O Visionrio Pasolini
Diante de Sal, sentimos que o fascismo inunda tudo. E est bem de acordo com o violento final de milnio em que vivemos
O cineasta italiano Pier Paolo Pasolini foi morto brutalmente em 2 de novembro de 1975 numa praia nos arredores de Roma. Consoante o documentário Pasolini, um delito italiano (1995), rodado por Marco Tulio Giordana, os requintes de crueldade visíveis no cadáver revelavam que o artista fora torturado antes de morrer.
A cada revisão do derradeiro e mais contundente filme do realizador de Teorema (1969), Salò ou os 120 dias de Sodoma (1975) tornam as inquietações do espectador com uma questão central: teria Pasolini pressentido sua morte ao conceber as originalíssimas imagens de Salò? teria (terá?) Pasolini vivido seu Salò enquanto era torturado até a morte por seus algozes? será este o caso da legítima transformação da ficção em realidade, a arte antecipa a vida pelo olhar de um visionário como Pasolini?
Cuido que minha última revisão do filme de Pasolini foi numa noite chuvosa e fria dum inverno dos anos 90 e havia ali um bom grupo de assistentes, a maior parte jovens, para presenciar as loucuras infernais que Pasolini fez desfilar diante de suas câmaras duras e implacáveis.
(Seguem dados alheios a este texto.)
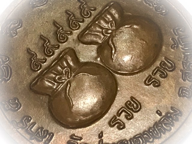 The coin is a 'Khwan Thung' (purse amulet), and has no 'hoo' pendant hoop or hole, and is intended for keeping in your purse, cashtill, or for encasement, or, with active occultists, has also been used for immersion in holy water to perform incantations and use water spraying in the place of business, to attract customers and wealth.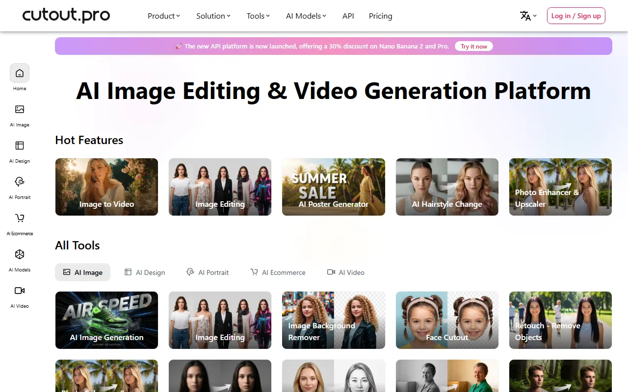 - Design tools: Cutout Pro provides robust design tools functionality, allowing users to generate with precision and efficiency. This feature is powered by advanced AI models that adapt to your specific use case and improve over time based on your interactions.

Olhava para aqueles rapazes e moças e observava comigo que muitos deles não tinham nascido quando Pasolini realizou Salò, pouco antes de sucumbir a mãos de fascistas (ainda que a homossexualidade do cineasta possa ter gerado uma situação inicial, toda violência é fascista, todos os que, num ou noutro momento de nossas vidas, nos entregamos a um ímpeto de violência somos fascistas); outros destes jovens, se eram nascidos, tinham pouca idade. E, fitando estes espectadores, era tomado duma curiosidade: que levava alguém embutido na realidade dos anos 90 a buscar contato com uma mente que pensava o mundo nos padrões dos anos 70, ou melhor, que teria a dizer Pasolini a esta juventude de outro tempo?
Nos filmes da trilogia da vida, que antecederam a Salò, Pasolini adotou um humor mais acessível e formas mais abertas e coloridas para expressar um prazer de viver que brutalmente desaparece dos tensos cenários de sua obra-epílogo. Longe da superficialidade de sua trilogia da vida, Pasolini retoma com o espectador um diálogo radical interrompido depois de Teorema (1969). Neste filme dos anos 60 um pintor urinava escrachadamente sobre uma tela. A irreverência da urina do pintor vai multiplicar-se em Salò para gerar uma série de sequências cruéis, que tornam extremas as relações cinema-espectador e fazem da fita uma fruição, para poucos.
São muitas as cenas difíceis de passar pela retina do observador em Salò. Pasolini chega ao ponto máximo do que em estética se poderia chamar “poesia da merda”. Nunca o cinema se aproximou tanto deste conceito quanto neste filme. Pasolini entrega-se a fantasias que misturam erotismo, especialmente homoerotismo, e perversidade, partindo do Marquês de Sade e atingindo o fascismo que mergulhou a Itália na II Guerra Mundial. Pasolini equilibra-se perigosamente numa zona de gratuidade estilística e imaginativa. Misturando suas tendências sexuais com sua visão política, Pasolini estabelece uma sutil criticidade de toda a orgia mostrada.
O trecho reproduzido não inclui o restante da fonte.